The first accessibility-based approach RNAup for the Nearest Neighbor model was introduced by Ulrike Mückstein and colleagues [24]. While it is still among the state-of-the-art prediction tools [27], its vast runtime requirements of O(n4) render it inapplicable for large-scale data analyses, such as genome wide target screens. This problem was tackled by Anke Busch and coworkers with IntaRNA [33, 34], which implements a heuristic version of an accessibility-based approach that extends fast hybridization-only recursions with ΔE penalties. IntaRNA results in a much lower O(n2) time complexity [33] when using precomputed or approximate ΔE terms, as introduced in [58]. A detailed introduction is also given in [45]. A similar heuristic extension was recently reported for TargetRNA2 [59]. Current versions of the initially hybridization-only approach RNAplex [54] and its webserver RNApredator [60] incorporate an approximate, position-specific accessibility model to increase prediction quality [61].

Example questions

  • Rewrite Eq 19 to directly compute the final interaction energy values from Eq 17.
  • Why can interaction patterns enclosing intramolecular base pairs (see Fig 4) not be predicted by the introduced basic accessibility-based approaches?

Implementation

All discussed algorithms and visualizations have been implemented in JavaScript. This enables client-side computation (no backend server hardware needed) as well as local download and application (from GitHub repository) for offline usage. Since all algorithms are dynamic-programming approaches, a generic inheritance hierarchy was implemented to reduce code redundancy and to simplify maintenance and extensibility. We use Knockout.js as the controller to bind input/output elements from within the HTML pages with the JavaScript data structures and computations.

Conclusion

The understanding of RNA structure and RNA–RNA interaction prediction approaches is central to ensure correct result interpretation and an awareness of their limitations, both essential to avoid wrong conclusions. Furthermore, it ensures proper embedding in RNA-related analysis pipelines or their extension to new fields of applications.

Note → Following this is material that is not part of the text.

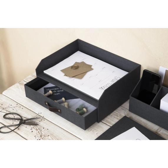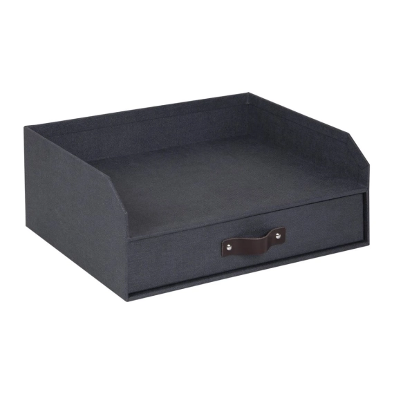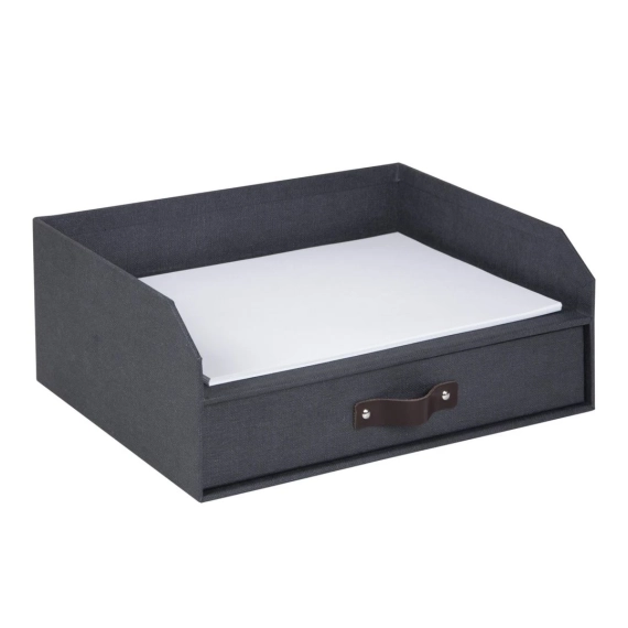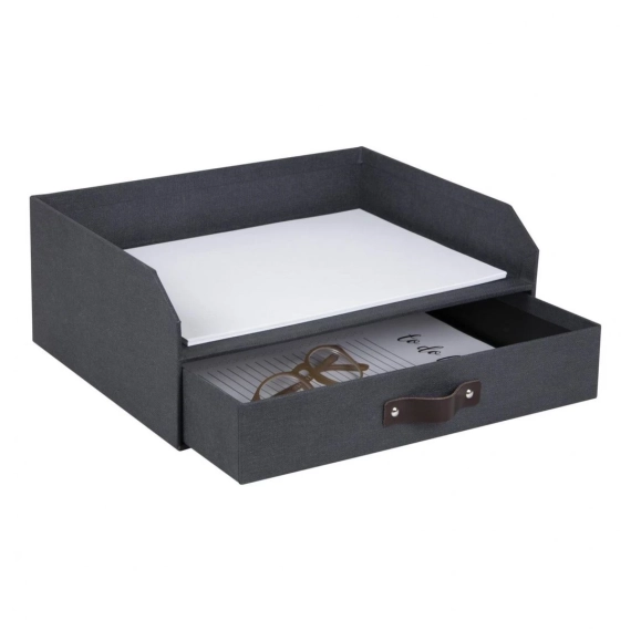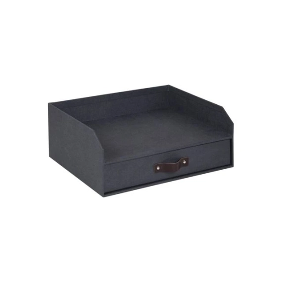 Praktisk og stilren brevkurv med skuff under. Perfekt for å holde orden på dokumenter og småsaker du trenger på kontorplassen. Med smidig lærhåndtak for stilrent uttrykk. - Med gummiføtter som beskytter underlaget og øker stabiliteten - Laget av returpapp og kledd med papirlaminat - Mål (BxDxH): 33x25,5x13cm

To gain this level of understanding, the original literature is often of limited didactic value, since scientific articles are typically not meant for educational use. Thus, approaches are either represented on a very detailed expert level or sketched briefly, since the manuscript focuses on the biological results rather than algorithmic details.

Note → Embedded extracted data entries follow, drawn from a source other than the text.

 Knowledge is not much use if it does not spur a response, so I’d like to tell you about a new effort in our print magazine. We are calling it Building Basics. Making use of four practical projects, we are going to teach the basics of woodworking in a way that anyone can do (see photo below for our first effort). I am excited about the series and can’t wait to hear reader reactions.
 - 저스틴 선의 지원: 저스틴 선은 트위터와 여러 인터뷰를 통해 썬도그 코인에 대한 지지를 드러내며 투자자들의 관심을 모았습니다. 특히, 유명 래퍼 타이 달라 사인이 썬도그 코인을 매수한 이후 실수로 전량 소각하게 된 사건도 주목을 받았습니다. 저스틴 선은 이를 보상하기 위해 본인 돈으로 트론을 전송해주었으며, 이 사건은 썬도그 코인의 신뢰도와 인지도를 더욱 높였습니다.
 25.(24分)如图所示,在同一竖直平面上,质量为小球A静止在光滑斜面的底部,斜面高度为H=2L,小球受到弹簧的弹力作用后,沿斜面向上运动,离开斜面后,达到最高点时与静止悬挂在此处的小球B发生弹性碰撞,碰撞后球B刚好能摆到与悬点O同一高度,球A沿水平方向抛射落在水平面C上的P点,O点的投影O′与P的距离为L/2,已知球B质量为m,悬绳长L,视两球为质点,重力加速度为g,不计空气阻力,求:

Here, we provide a compact summary of the relevant theoretical background for the most common algorithmic approaches and their state-of-the-art instances currently used. Algorithms are stripped from complicating energy model details to enable an easy understanding of the underlying concepts and the resulting limitations. Furthermore, we provide web-based implementations and visualizations of all presented approaches for their ad hoc use. The latter is of importance, since example-driven (self-)study is known to significantly foster learning and understanding. To further support such self-learning efforts based on our manuscript and web service, we provide small exemplary tasks for each algorithm group that can be tackled using our web implementations.

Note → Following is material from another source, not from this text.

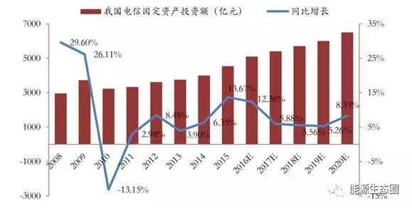 受益于 3G、4G 網(wǎng)絡(luò)建設(shè)的刺激因素下,電信固定資產(chǎn)投資 規(guī)模增速明顯上升,未來在 5G 建設(shè)的帶動(dòng)下將繼續(xù)保持平穩(wěn)增長。按一般通信基站的配置要求,后備電源需求大約 占總投資的 2%~3%,預(yù)計(jì)“十三五”期間后備電源市場(chǎng)規(guī)模有望超過 500 億元,一方面通過改造后備電源系統(tǒng)增 加其儲(chǔ)能功能,盤活存量市場(chǎng),另一方面通過設(shè)計(jì)一體化集成方案,開拓新增市場(chǎng),更大程度地為客戶實(shí)現(xiàn)節(jié)能套利。

The web service [62] is being continually extended with the implementation and visualization of additional methods. Planned implementations cover pseudoknotted (crossing) structure prediction approaches as well as comparative approaches for RNA structure and RNA–RNA interaction prediction, e.g., discussed in [57].

Eventually, we provide both a comprehensive review of current RNA thermodynamic-focused prediction approaches to spark ideas for new approaches and interactive teaching material, which will help ensure that available tools are correctly applied and interpreted.

Acknowledgments

We thank Florian Eggenhofer for helpful comments and Sita J. Saunders for her thorough language corrections.